Supplied material

- - - - - - -

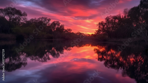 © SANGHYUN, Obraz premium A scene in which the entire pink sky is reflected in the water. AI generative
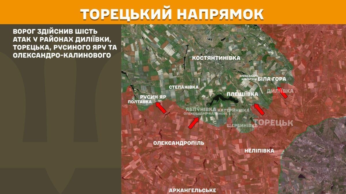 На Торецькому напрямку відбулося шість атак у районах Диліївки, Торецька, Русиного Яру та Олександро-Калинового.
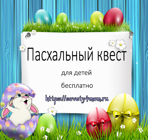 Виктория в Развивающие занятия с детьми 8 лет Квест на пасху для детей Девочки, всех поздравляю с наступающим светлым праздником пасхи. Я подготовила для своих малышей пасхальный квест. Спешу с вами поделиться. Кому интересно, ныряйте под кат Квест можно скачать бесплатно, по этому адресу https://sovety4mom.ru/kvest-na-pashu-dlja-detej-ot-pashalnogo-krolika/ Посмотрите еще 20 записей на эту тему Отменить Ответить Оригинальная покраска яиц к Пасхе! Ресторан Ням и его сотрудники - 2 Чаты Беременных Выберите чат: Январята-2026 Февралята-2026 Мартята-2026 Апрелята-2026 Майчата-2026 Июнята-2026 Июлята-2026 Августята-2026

- - - - - - -

Exercise details
In your copy of the listing above, reproduce each line exactly and omit all pictures.

Answer area
 © SANGHYUN, Obraz premium A scene in which the entire pink sky is reflected in the water. AI generative
 На Торецькому напрямку відбулося шість атак у районах Диліївки, Торецька, Русиного Яру та Олександро-Калинового.
 Виктория в Развивающие занятия с детьми 8 лет Квест на пасху для детей Девочки, всех поздравляю с наступающим светлым праздником пасхи. Я подготовила для своих малышей пасхальный квест. Спешу с вами поделиться. Кому интересно, ныряйте под кат Квест можно скачать бесплатно, по этому адресу https://sovety4mom.ru/kvest-na-pashu-dlja-detej-ot-pashalnogo-krolika/ Посмотрите еще 20 записей на эту тему Отменить Ответить Оригинальная покраска яиц к Пасхе! Ресторан Ням и его сотрудники - 2 Чаты Беременных Выберите чат: Январята-2026 Февралята-2026 Мартята-2026 Апрелята-2026 Майчата-2026 Июнята-2026 Июлята-2026 Августята-2026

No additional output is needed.